Литмир - Электронная Библиотека

«По правде сказать, – пишет Эразм в начале 1517 г. Вольфгангу Фабрициусу Капитону[116], – не так уж я и падок до жизни, то ли из-за того, что я, как видно, пожил вполне достаточно, ибо вступил в пятьдесят первый свой год, то ли из-за того, что в жизни сей не вижу ничего прекрасного или приятного настолько, чтобы оно своей исключительностью способно было пробудить интерес у того, кому христианская вера дала истинное упование, что всякого, в меру своих сил хранившего благочестие, ожидает впереди жизнь гораздо более счастливая. И однако же, я почти с наслаждением вернул бы себе на несколько лет молодость только ради того, чтобы в недалеком будущем увидеть, как я на то надеюсь, приход золотого века». Он описывает затем, насколько все государи Европы единодушны в своей склонности к миру (столь для него драгоценному), и продолжает: «Я склоняюсь к твердой надежде, что не только добрые нравы и христианское благочестие, но также очищенная, подлинная словесность и прекраснейшие науки частью возродятся, частью расцветут вновь». Под монаршим покровительством, само собой разумеется. «Благочестивым намерениям государей благодарны мы за то, что повсюду, как бы по обращенному к нам мановению, видим, как пробуждаются, как возникают блистательные умы и вступают друг с другом в союз ради восстановления доброй словесности (ad restituendas optimas literas)».

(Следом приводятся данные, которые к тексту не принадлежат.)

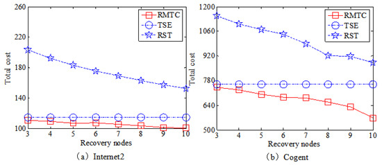 In this subsection, the number of the recovery node is set from 3 to 10. Figure 12 illuminates that the line of TSE is horizontal, meaning that the total cost of TSE has no business relation to the number of recovery node. The re-route of TSE is only from the source nodes and, as the number of recovery nodes increase, the total costs of the other two schemes decline. When there are more recovery nodes, there are more available choices for the re-route 362 node and the total cost becomes low.
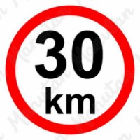 Tabulky, značky a samolepky "Omezení rychlosti – 30 km/hod" jsou tištěny na vysoce kvalitním materiálu, barvami s vysokou odolností proti otěru a UV záření. Provedení je plně v souladu s požadavky právních a technických předpisů, zejména Nařízení vlády č. 375/2017 Sb., ČSN ISO 3864-1, ČSN ISO 3864-2, ČSN ISO 3864-3, ČSN ISO 3864-4. Kvalitní samolepící reflexní značení nejvyšší povolené rychlosti vozidel. Je určeno pro vozidla kategorií M2, M3, N2, N3, O, OT, S . Podle vyhl. č. 341/2014 Sb musí mít na zádi karoserie v levé polovině vyznačenou nejvyšší povolenou rychlost z retroreflexního materiálu třídy 1 podle ČSN EN 12899-1. Není-li možno u přípojných vozidel kategorie O1, O2, R, vozidel kategorie S, jednonápravových traktorů s přívěsem a speciálních nosičů pracovních adaptérů umístit označení o průměru 200 mm, je přípustné použít označení o vnějším průměru 150 mm. Samolepka průměru 150 nebo 200 mm s označením nejvyšší povolené rychlosti v provedení z retroreflexní fólie třídy 1 dle ČPříkazové tabulky - Omezení rychlosti 30 km/h
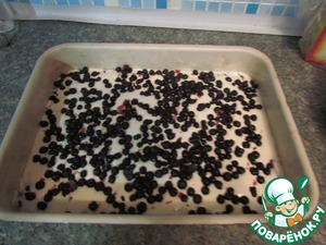 На предварительно смазанный протвень выкладываем нашу чернику (НЕ ВСЮ, а только часть) и заливаем тестом
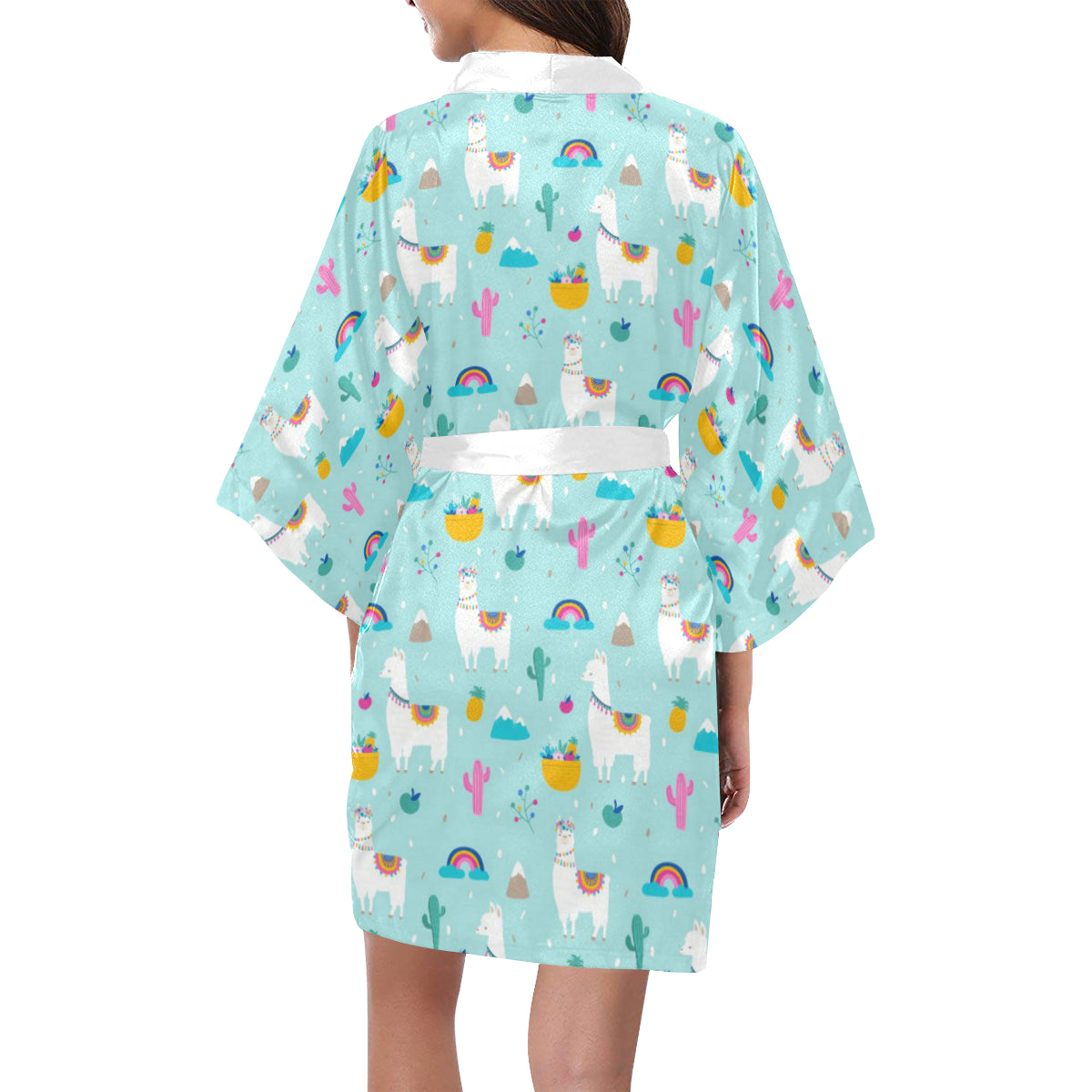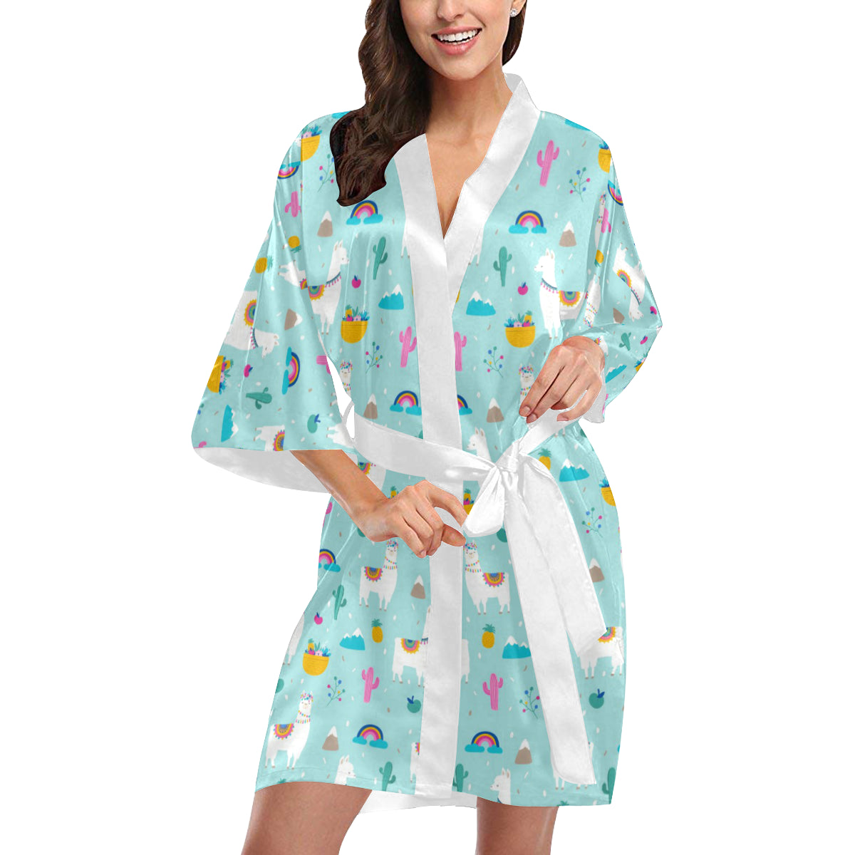 Llama alpaca cactus leaves pattern Women's Short Kimono Robe is a uniqued design and limited item. It made to order, hand printed, and sewn with love in our factory.
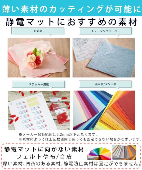 専用の静電マットを使用することで、和紙やトレーシングペーパー等の薄い素材のカットができるようになりました。
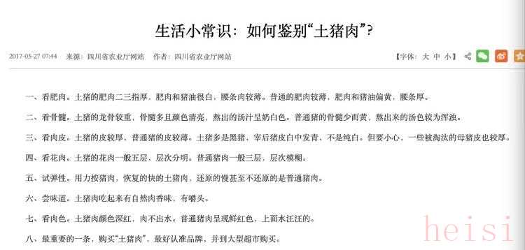 四川省農(nóng)業(yè)農(nóng)村廳貼出的辨別“土豬肉”生活小常識(shí)。
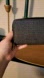 Color is charcoal gray with a denim type pattern and gold tone hardware

Таково в чистом виде выражение оптимизма XVI в., основного настроения Ренессанса и Гуманизма. И видим мы здесь нечто совсем другое, нежели безудержную жизнерадостность, которую обычно принимают за господствующее настроение Ренессанса. Эразмовское восприятие жизни исполнено робости, оно кажется несколько принужденным и прежде всего крайне рассудочным. Но при всем том в нем звучит нечто такое, что в XV в. вне Италии еще было неслыханно. И во Франции, и в Бургундии к 1400 г. люди все еще находят удовольствие в том, чтобы поносить свою жизнь и свою эпоху. И что еще более примечательно (как параллель – вспомним о байронизме): чем глубже человек вовлечен в мирскую жизнь, тем более мрачно его настроение. Сильнее всего выразить глубокую меланхолию, свойственную этому времени, суждено было, таким образом, вовсе не тем, кто в кабинете ученого или в монашеской келье решительно отвернулся от мира. Нет, в первую очередь это хронисты и модные придворные поэты, не взошедшие на вершины культуры и неспособные черпать в интеллектуальных радостях надежду на лучшее; они беспрестанно жалуются на всеобщий упадок и одряхление и отчаиваются в мире и справедливости. Никто столь бесконечно, как Эсташ Дешан, не повторял своих жалоб на то, что все прекрасное в мире уже утрачено:

                   Temps de doleur et de temptacion,
                   Aages de plour, d’envie et de tourment,
                   Temps de langour et de dampnacion,
                   Aages meneur près du definement,
                   Temps plain d’orreur qui tout fait faussement,
                   Aages menteur, plain d’orgueil et d’envie,
                   Temps sanz honeur et sanz vray jugement,
                   Aage en tristour qui abrège la vie[117].
                   О времена соблазнов, горьких слез,
                   Век зависти, гордыни и мученья,
                   О времена тоски, ушедших грез,
                   Век, чьим недугам нету излеченья,
                   О времена конца, ожесточенья,
                   Век, в коем страх и зависть мы познали,
                   О времена к бесчестному влеченья,
                   Век нашу жизнь снедающей печали.

В подобном духе сочинял он свои баллады десятками: монотонные, вялые вариации на все ту же унылую тему. В высших сословиях должна была царить сильнейшая меланхолия, чтобы придворная знать заставляла своего поэта-поденщика постоянно повторять следующие мелодии:

                         Toute léesse deffaut,
                         Tous cueurs ont prins par assaut
                         Tristesse et merencolie[118].
                         Всем радостям конец,
                         О сколько ранили сердец
                         Меранхолия и печаль[119].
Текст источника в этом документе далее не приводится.